Inclusion probabilities and dropout.

James M Curran1, John Buckleton

  • 1Department of Statistics, University of Auckland, Auckland, New Zealand. curran@stat.auckland.ac.nz

Journal of Forensic Sciences
|May 22, 2010
PubMed
Summary
This summary is machine-generated.

Ignoring discordant alleles in forensic DNA analysis inflates inclusion probabilities.

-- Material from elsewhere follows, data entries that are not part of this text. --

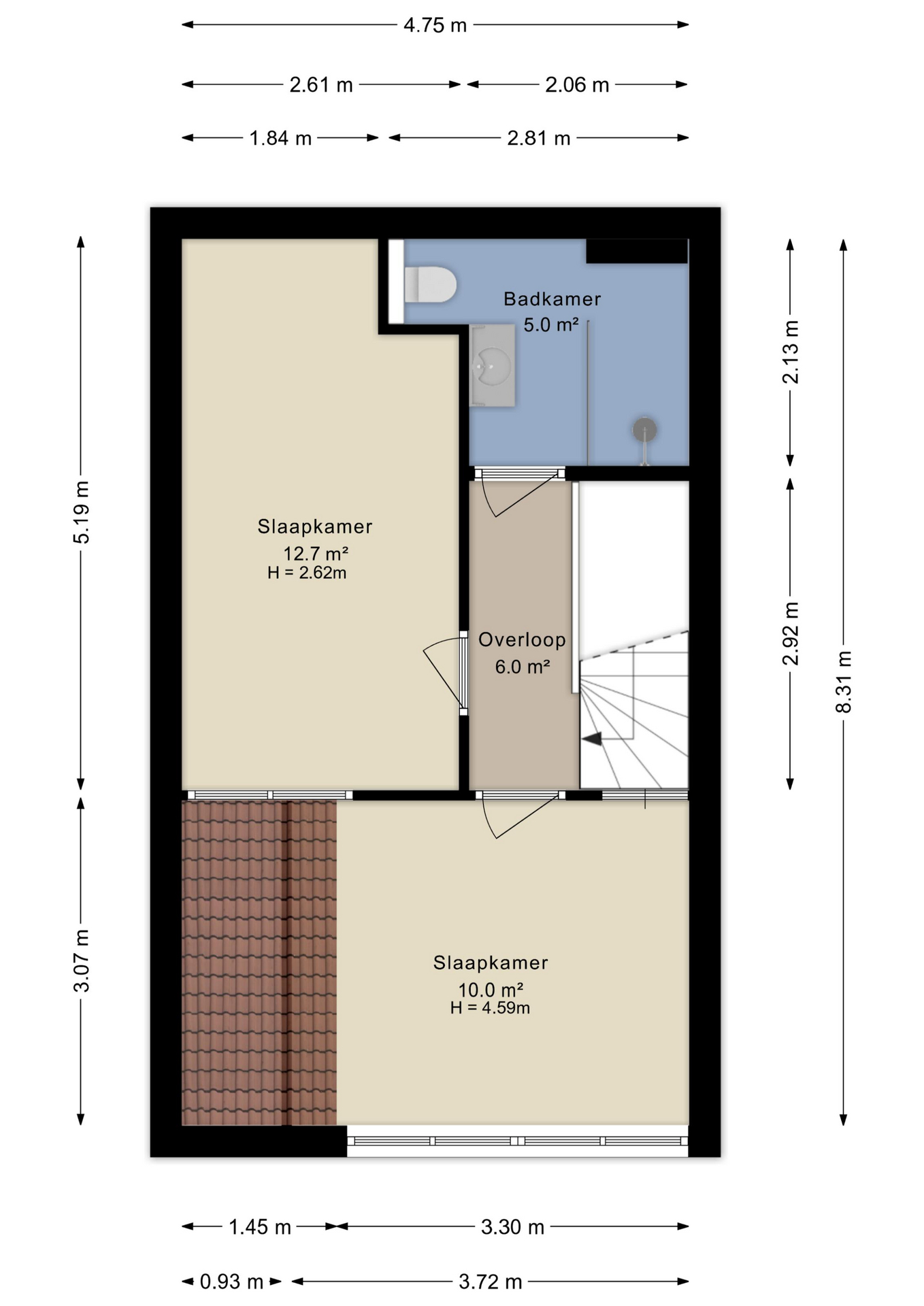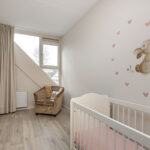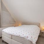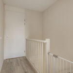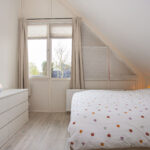 De overloop geeft toegang tot twee ruime slaapkamers, beide met een karakteristieke raampartij en nette afwerking. Eén van de kamers beschikt over extra bergruimte achter de knieschotten en toegang tot de vliering.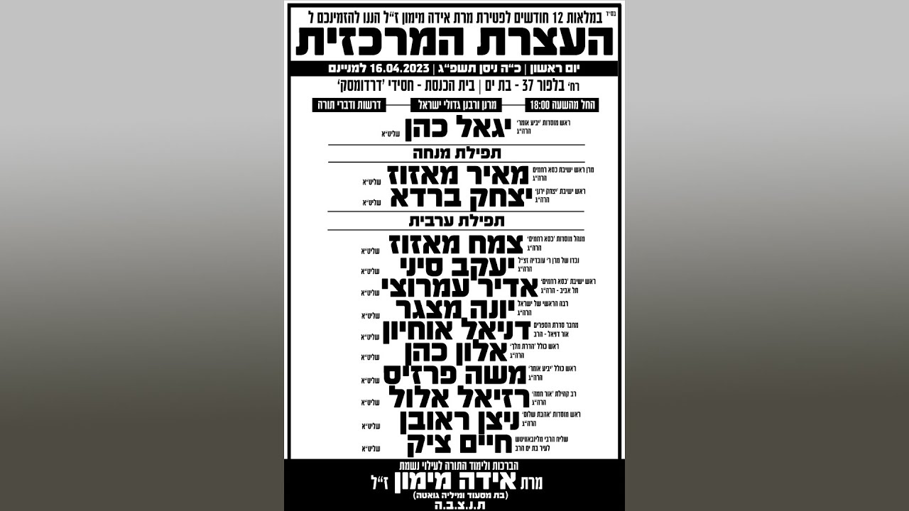 צפייה ישירה ב-YouTubeהעצרת המרכזית | בת ים | לעילוי נשמת מרת אידה מימון ז"ל
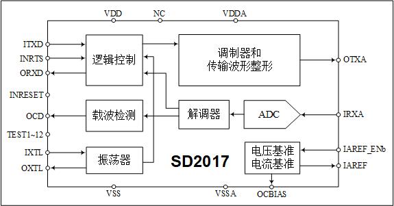 SD2017是一款专为实现HART协议而设计的CMOS单片调制解调器芯片,用于支持HART协议的现场仪表和控制器中。芯片只需外加少量无源元件,即可满足HART物理层规范功能要求,包括调制与解调,输入信号滤波,载波检测和发送信号波形整形等。
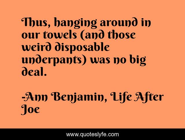 "Ann Benjamin, Life After Joe Quotes." Quoteslyfe.com, 2025. Fri. 05 Dec. 2025. <https://www.quoteslyfe.com/quote/Thus-hanging-around-in-our-towels-and-149458>.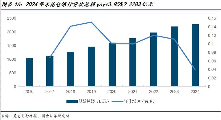2)贷款业务方面,昆仑银行积极拓展产融市场与产业链客户,持续优化资产结构。截至2024年末,公司金融板块的贷款(不含贴现)余额为1212.10亿元,同比增长0.31%;不良率为1.86%,同比微升0.1个百分点。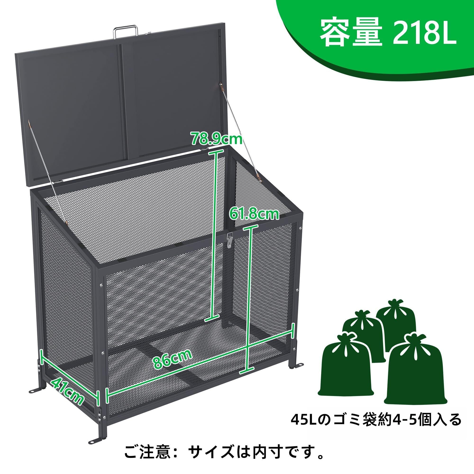 サイズ:218L、材質:高耐久性メッシュ、使用目的:カラス、野良猫対策、屋外使用可
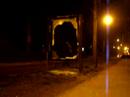 Description: explosivos choques con un anuncio publicitario para limpiar el resto de vidrrio roto que le quedaba. Usando la cabeza |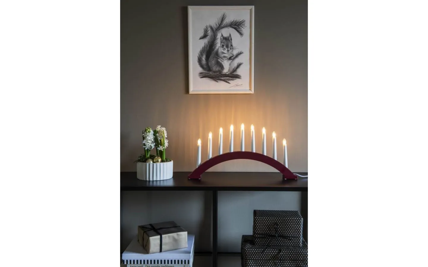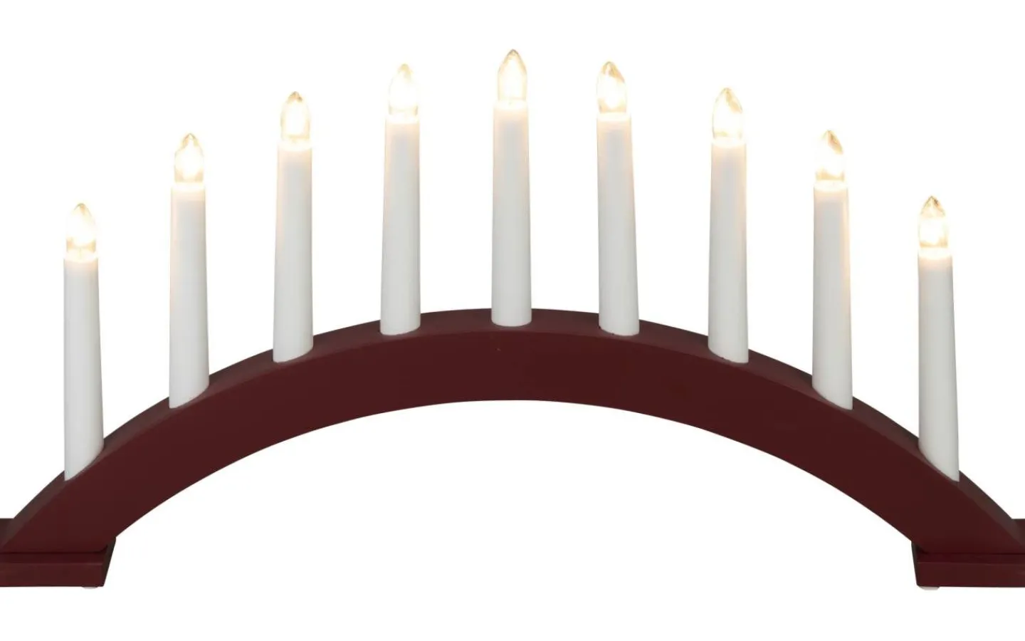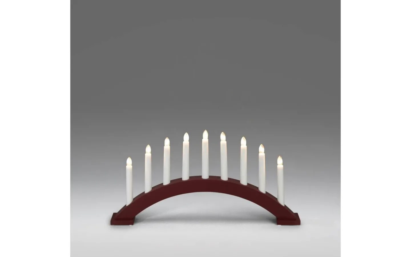 Klassisk 9-armad adventsljustake, båge med varmvita lampor. Matt rödlackad. Anslutningssladd på 1,7 meter. Strömbrytare. Höjd 25,5 cm och bredd 49 cm.

This practice, when dropout is possible, may falsely implicate innocent individuals by overstating evidence against non-contributors.

Related Experiment Videos

Area of Science:

  • Forensic Science
  • Population Genetics
  • Statistical Analysis

Background:

  • A concerning practice in forensic DNA analysis involves calculating inclusion probabilities only for specific loci when allele dropout is possible.
  • This method omits loci where the suspect's alleles are not fully represented in the crime scene mixture, potentially skewing results.

Purpose of the Study:

  • To assess the risks associated with ignoring loci containing discordant alleles in forensic DNA profile interpretation.
  • To evaluate the potential for this practice to produce misleadingly strong evidence against non-contributors.

Main Methods:

  • The study employed simulation to analyze the impact of excluding discordant loci on inclusion probability calculations.
  • This approach specifically examined scenarios where allele dropout might occur.

Main Results:

  • Ignoring loci with discordant alleles can lead to an overestimation of the strength of evidence.
  • This practice may result in a significant fraction of non-contributors appearing to be implicated by the DNA evidence.

Conclusions:

  • The method of omitting loci with discordant alleles poses a substantial risk in forensic DNA mixture interpretation.
  • Careful consideration of all available loci, including those with discordant alleles, is crucial for accurate statistical inference in forensic investigations.